2. Is Jack Hughes going to be OK at center? The quick and easy answer is “of course.” Hughes is a center, and a darn good one. Much of his explosive transition offense comes from bombing up the middle of the ice in a way that isn’t possible for outside players. The counterpoint is that the beating the rail-thin Hughes takes up the middle might slowly strip away that explosiveness. He’s missed 20 games to injury in each of the past two seasons, and his (still impressive) scoring returns have dwindled from 104.1 P/82 GP in 2021-22, to 97.87 in 2023-24, to 92.58 last season. Hughes was picked first in 2020 to be a franchise center, but would he be more valuable as a healthy, elite winger? It’s not like Keefe would miss his faceoff acumen (career 36 FO%).
3. Is this core good enough to win? Jack Hughes is a special talent. Hischier is the sort of winning player scouts are always trying to unearth. Bratt has gone from a good top-six winger to an elite top-line point producer. The fact that they’re all 26 or younger should make it much easier for Jersey’s ceiling to reach a championship level, but the roster construction is shaky in other places. Palat’s contract is an anchor. Meier was brought in and paid $8.8 million AAV to be an elite goalscorer, and he’s merely a solid second-line winger. Hamilton is arguably surplus to requirements as the team’s top earner ($9-million AAV). Both goalies are 35, and Markstrom needs a new deal. Fitzgerald has never come under serious pressure from the fanbase, but is it possible that he tried to force open a contention window with the wrong players? The homegrown stars look great, but the outside help has hardly been a home run.

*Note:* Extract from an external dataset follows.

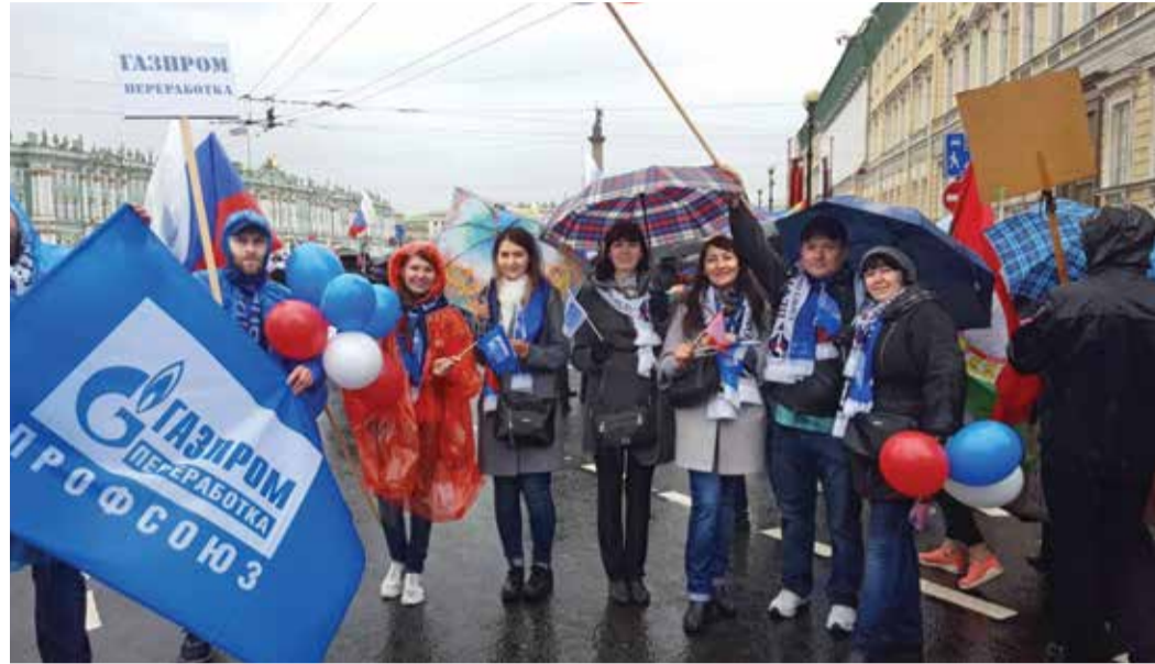
Работники Администрации Общества

В Санкт-Петербурге колонны возглавляли представители «Единой России» и профсоюзы. Делегация Объединенной первичной профсоюзной организации «Газпром переработка профсоюз» прошла в колонне Нефтегазстройпрофсоюза совместно с

The Devils’ fans don’t dare assume they’ll have an injury-free season, but I have to if I’m going to predict where they’ll end up. In a top-heavy Metropolitan Division, a strong top six and an impressive blue line will be more than enough to hold serve in the automatic spots. A top-two berth (division crown?) should be attainable too; the Washington Capitals can’t rely on outlier individual seasons forever. The real litmus test will be the smothering Hurricanes at the end of the ‘Metro’ bracket.